Shouldn't viewing angle also be used along with utm coordinates to compute hard (i.e., definite) positives? https://github.com/vandal-vpr/vg-transformers/blob/3947df2469d54aca7dfe3b6f6b5b22c242c1c41b/tvg/datasets/dataset.py#L101
How can a query sequence have no positives? https://github.com/vandal-vpr/vg-transformers/blob/3947df2469d54aca7dfe3b6f6b5b22c242c1c41b/tvg/datasets/dataset.py#L136
What is the use of cutting the last frame? https://github.com/vandal-vpr/vg-transformers/blob/3947df2469d54aca7dfe3b6f6b5b22c242c1c41b/tvg/datasets/dataset.py#L63
Could you please explain this? https://github.com/vandal-vpr/vg-transformers/blob/3947df2469d54aca7dfe3b6f6b5b22c242c1c41b/tvg/datasets/dataset.py#L248
(PyTorch doubt) How do we get anything here https://github.com/vandal-vpr/vg-transformers/blob/3947df2469d54aca7dfe3b6f6b5b22c242c1c41b/tvg/datasets/dataset.py#L288 since self.triplets_global_indexes is empty? https://github.com/vandal-vpr/vg-transformers/blob/3947df2469d54aca7dfe3b6f6b5b22c242c1c41b/tvg/datasets/dataset.py#L328
How is the 10 meters constraint being ensured here? https://github.com/vandal-vpr/vg-transformers/blob/3947df2469d54aca7dfe3b6f6b5b22c242c1c41b/tvg/datasets/dataset.py#L310

Could you please help me with these? Thanks in advance!

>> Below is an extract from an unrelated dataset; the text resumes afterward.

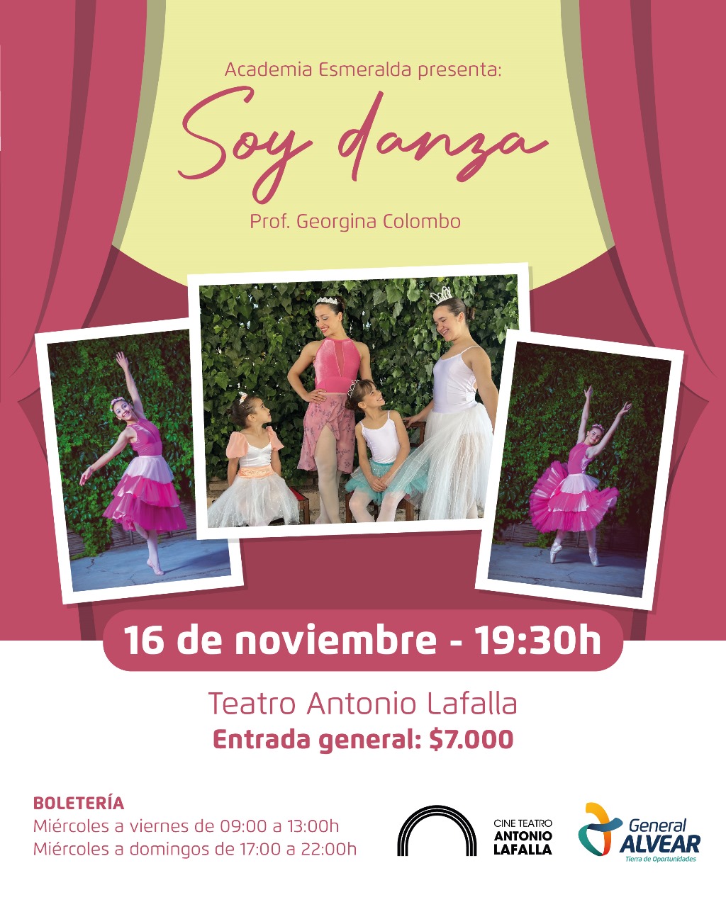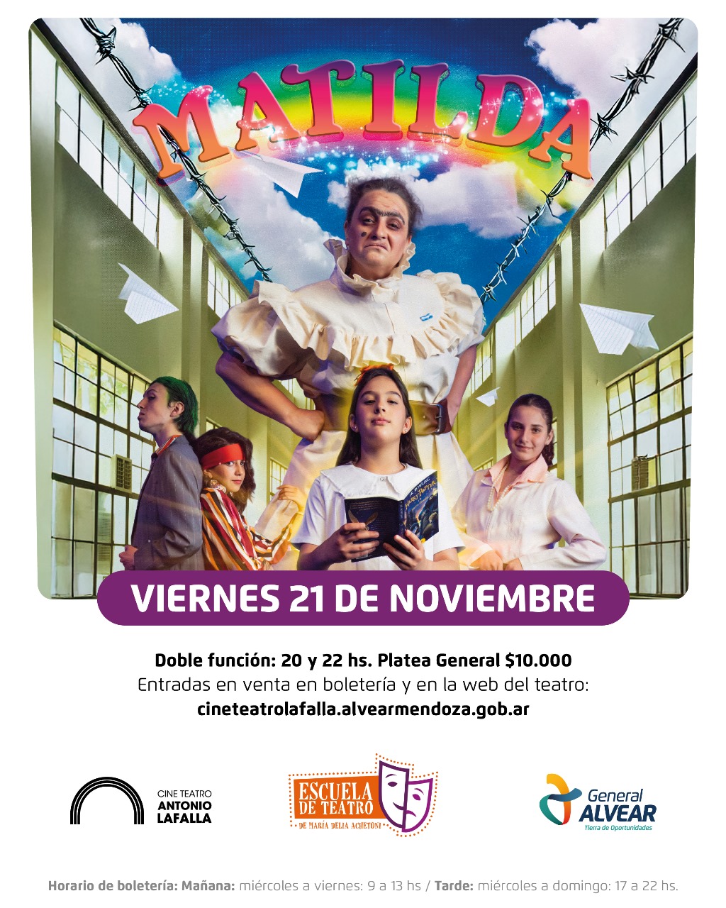 Nada es lo que parece 3 Depredador En Nada es lo que... Depredador – Tierras Lejanas Depredador Depredador:... Zoopocalipsis Zoopocalipsis... Teléfono Negro 2 Teléfono Negro 2 Secuela del... PELÍCULAS EN CARTELERA COMPRAR ENTRADAS ONLINE Jueves y Viernes 2D – 21:00hs Sábado y Domingo 2D – 21:00hs HORARIOS BOLETERÍA Mañana de miércoles a viernes de 9hs a 13hs Tarde de jueves a domingo de 17hs a 22hs PRECIOS 2D y 3D: Entrada General $6000 | Menores de 12 años y/o jubilados $5000| Menores de 2 años gratis PRÓXIMAS OBRAS Y EVENTOS Compra online tus entradas para las obras y eventos del teatro. Click en el botón de arriba.

ga1i13o commented 1 year ago

hello,

traditionally in VPR, during training, images within 10 m are considered suitable to be mined as positives. Whereas during inference, usually matches are considered correct if within 25 mt. The reason during training only images within 10 m are considered is that they have a higher chance of having high visual overlap with the query. However, even if we choose positives within 10 m, we want to avoid using as negatives images in the range (10, 25) meters, as this would push them away from the query; and even if they might have not-so-high visual overlap, they would still be considered correct matches if ever retrieved. For this reason during training we keep this distinction; and soft positives are images within 25 m. We need this distinction so that when we select positives, we take them from hard_positives. When we select negatives, we make sure to not select any of them from the soft_positives list. during inference we use only hard_positives, but changing the threshold to 25 m, as we do not need to do mining .
note that this discussion only makes sense for training; for inference we do not care about visual overlap and we are just happy if for whatever reason we retrieva images within 25 m. In VPR there is no clear definition of positive images based on coordinates.Seminal works like netvlad were developed without heading information, and thus relied on mining to select positives: among images within 10 m, we select the one with highest feature similarity to the query. even though more recent datasets like MSLS and SF-XL do provide the heading information, and in the Cosplace paper it is used to build classes, and it does classification rather than metric learning via triplet loss. For retrieval it has never been studied the usage of heading to define positives; for this reason following common practices in literature, we do not try to use heading, simply use 10 m as threshold (during training) for hard positives, and use the network to extract features and pick the closest candidates in feature space, which thus are most likely to have high visual overlap
it can happen (and it does in MSLS) that a query sequence does not correspond to any database sequences within 25 m.
the parameter 'cut_last_frame' is needed because the way the code that builds sequence is written, it only works with odd sequence lengths (3, 5, 7..) ; thus if you wanted to use even sequences, it can be done by setting cut_last_frame true which then cuts the last frame. although usually 5 is the length used
that comment is slightly imprecise. it means that if it is training time, we need to return triplets of query,pos,neg. Instead if it is inference, or we need to initialize netvlad, we will return a single sequence ( 'single image' in the comment)
if you look at the code, after the line 328 that you mentioned, that function computes the mining. In the end, it will fill the global_triplets_index.
https://github.com/vandal-vpr/vg-transformers/blob/3947df2469d54aca7dfe3b6f6b5b22c242c1c41b/tvg/datasets/dataset.py#L351

so in the end it contains the indexes of query, positive, and negative sequences

the 10 m constraint is respected simply because we sample potential positives from the list of hard positives. https://github.com/vandal-vpr/vg-transformers/blob/3947df2469d54aca7dfe3b6f6b5b22c242c1c41b/tvg/datasets/dataset.py#L334

the structure self.pIdx contains for each query sequences the indexes of hard positive sequences

hope I was clear

divyagupta25 commented 1 year ago

Thank you so much for your response. All my doubts are cleared.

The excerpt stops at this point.